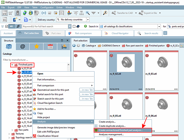 Dans cet exemple, il s'agit de trouver des pièces brutes appropriées pour une certaine pièce finie. Sélectionnez donc une pièce finie et cliquez sur la commande du menu contextuel Analyse [Analysis] -> Créer une analyse des ébauches / pièces finies.... [Create unmachined/finished part analysis...]
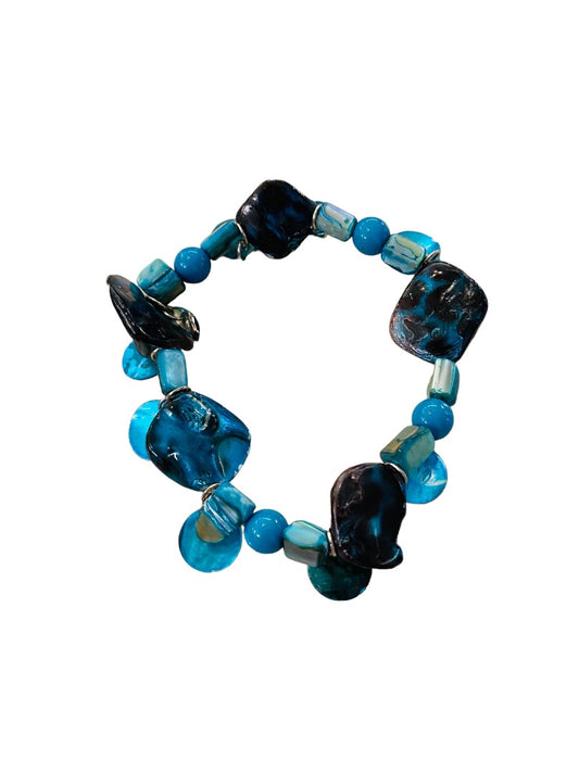 Teal Black Beaded Stretch Bracelet Glass Beads Dangle Shells
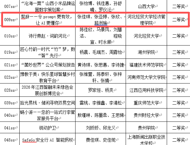 全国大学生数字编辑创新大赛由中国编辑学会主办,旨在展示我国大学生在视听新媒体、数据多媒体、数据可视化加工与数据标注和数字编辑策划等方面成果,促进数字、文化与科技的融合创新及成果转化应用,已然成为我国重要的创新成果展示、交流、转化及创新人才甄选的平台。大赛设有28个分赛区,共收到3900多件参赛作品。经全国赛办公室组织专家复审,数据可视化加工与标注赛道40件作品和数字编辑策划赛道43件作品获国奖。由张丽媛老师指导,张佳琪、张亚婷、张欣、路洲瑜等同学制作的《契辞——令prompt更有效,让AI更懂你》荣获数字编辑策划国赛二等奖;由乔蕾、李珊老师指导,许若涵、王琦琛同学制作的《216公里运河的古今答卷》荣获数据可视化加工与数据标注国赛三等奖。

§ **Your objective**: All the material above should be written out exactly, with images omitted.

§ **Answer box**:
 Dans cet exemple, il s'agit de trouver des pièces brutes appropriées pour une certaine pièce finie. Sélectionnez donc une pièce finie et cliquez sur la commande du menu contextuel Analyse [Analysis] -> Créer une analyse des ébauches / pièces finies.... [Create unmachined/finished part analysis...]
 Teal Black Beaded Stretch Bracelet Glass Beads Dangle Shells
 全国大学生数字编辑创新大赛由中国编辑学会主办,旨在展示我国大学生在视听新媒体、数据多媒体、数据可视化加工与数据标注和数字编辑策划等方面成果,促进数字、文化与科技的融合创新及成果转化应用,已然成为我国重要的创新成果展示、交流、转化及创新人才甄选的平台。大赛设有28个分赛区,共收到3900多件参赛作品。经全国赛办公室组织专家复审,数据可视化加工与标注赛道40件作品和数字编辑策划赛道43件作品获国奖。由张丽媛老师指导,张佳琪、张亚婷、张欣、路洲瑜等同学制作的《契辞——令prompt更有效,让AI更懂你》荣获数字编辑策划国赛二等奖;由乔蕾、李珊老师指导,许若涵、王琦琛同学制作的《216公里运河的古今答卷》荣获数据可视化加工与数据标注国赛三等奖。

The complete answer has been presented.